## Problem statement
With the pictures left aside, write out exactly the lines of the listing below from the line with "رَوَاهُ أَبُو حَاتِمِ" to the line with "Below is an", both included, and only those.

## Provided entries
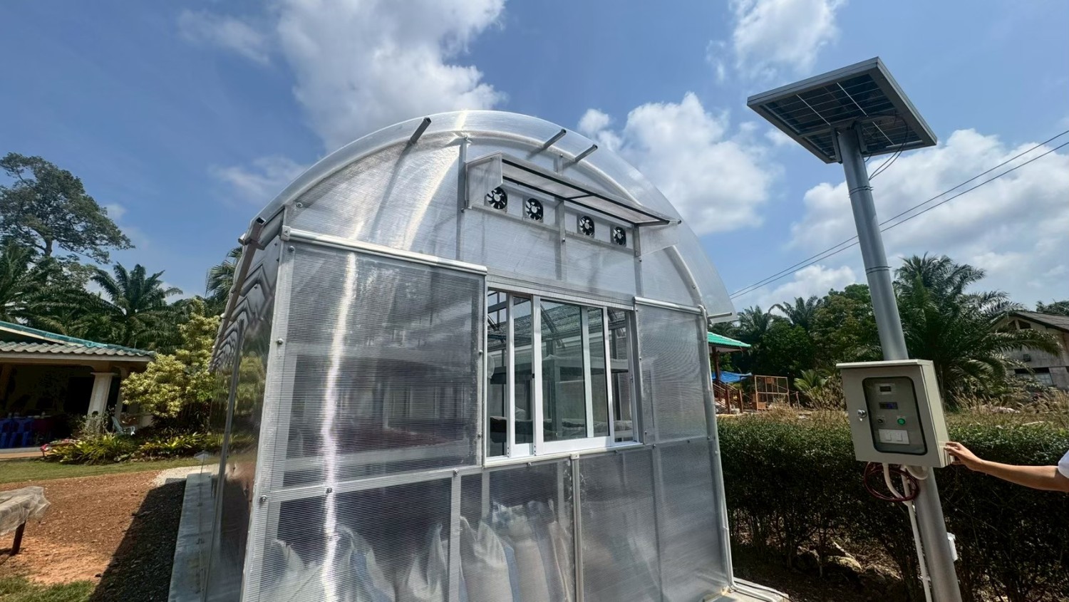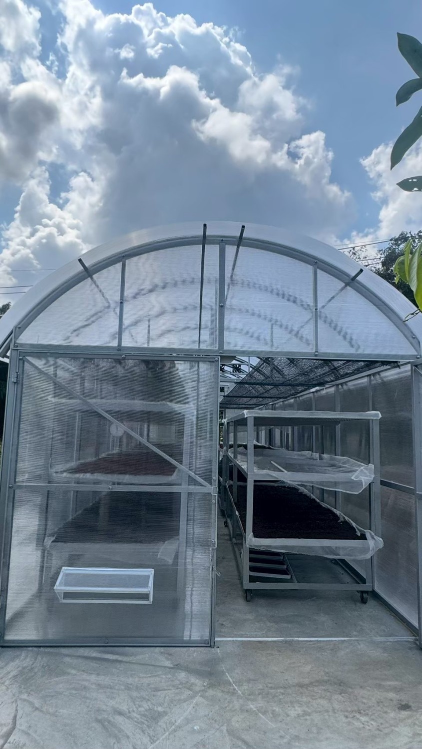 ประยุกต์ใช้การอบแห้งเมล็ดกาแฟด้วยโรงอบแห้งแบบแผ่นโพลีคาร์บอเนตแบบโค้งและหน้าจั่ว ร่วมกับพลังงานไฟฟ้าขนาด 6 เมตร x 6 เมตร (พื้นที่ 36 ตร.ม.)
--
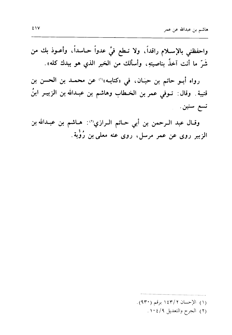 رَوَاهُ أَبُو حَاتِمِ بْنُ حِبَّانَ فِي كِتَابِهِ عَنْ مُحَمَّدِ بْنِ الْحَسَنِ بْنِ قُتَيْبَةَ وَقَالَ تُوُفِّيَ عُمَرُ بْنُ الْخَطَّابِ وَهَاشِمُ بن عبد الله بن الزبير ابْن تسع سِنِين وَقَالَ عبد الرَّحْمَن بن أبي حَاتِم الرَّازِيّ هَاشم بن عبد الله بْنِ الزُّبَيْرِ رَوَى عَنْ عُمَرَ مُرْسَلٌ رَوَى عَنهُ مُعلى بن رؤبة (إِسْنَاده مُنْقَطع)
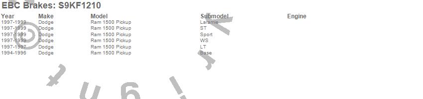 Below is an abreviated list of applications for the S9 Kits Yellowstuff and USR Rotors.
==
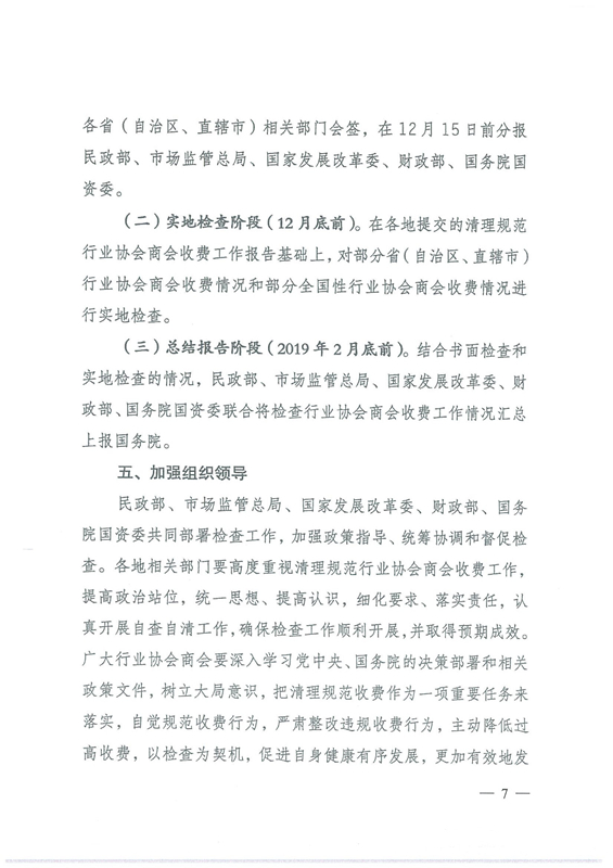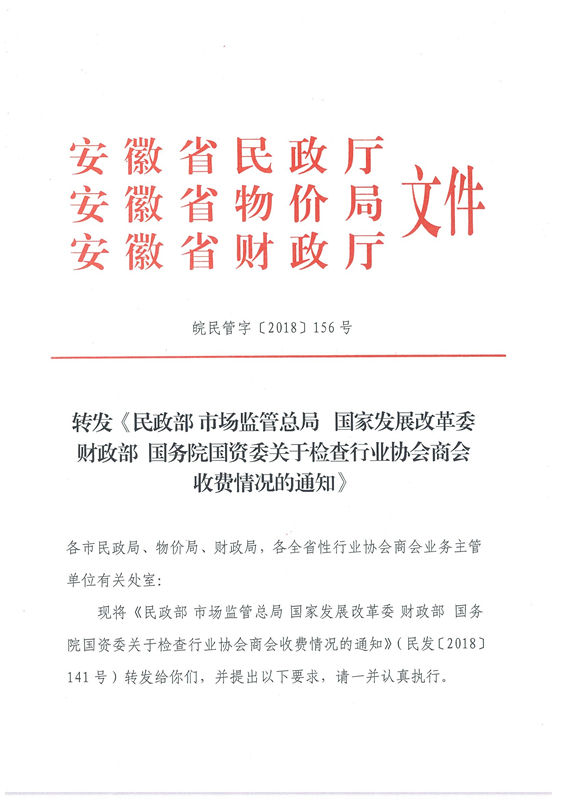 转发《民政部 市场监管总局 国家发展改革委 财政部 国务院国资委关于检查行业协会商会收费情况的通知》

## Worked solution
 رَوَاهُ أَبُو حَاتِمِ بْنُ حِبَّانَ فِي كِتَابِهِ عَنْ مُحَمَّدِ بْنِ الْحَسَنِ بْنِ قُتَيْبَةَ وَقَالَ تُوُفِّيَ عُمَرُ بْنُ الْخَطَّابِ وَهَاشِمُ بن عبد الله بن الزبير ابْن تسع سِنِين وَقَالَ عبد الرَّحْمَن بن أبي حَاتِم الرَّازِيّ هَاشم بن عبد الله بْنِ الزُّبَيْرِ رَوَى عَنْ عُمَرَ مُرْسَلٌ رَوَى عَنهُ مُعلى بن رؤبة (إِسْنَاده مُنْقَطع)
 Below is an abreviated list of applications for the S9 Kits Yellowstuff and USR Rotors.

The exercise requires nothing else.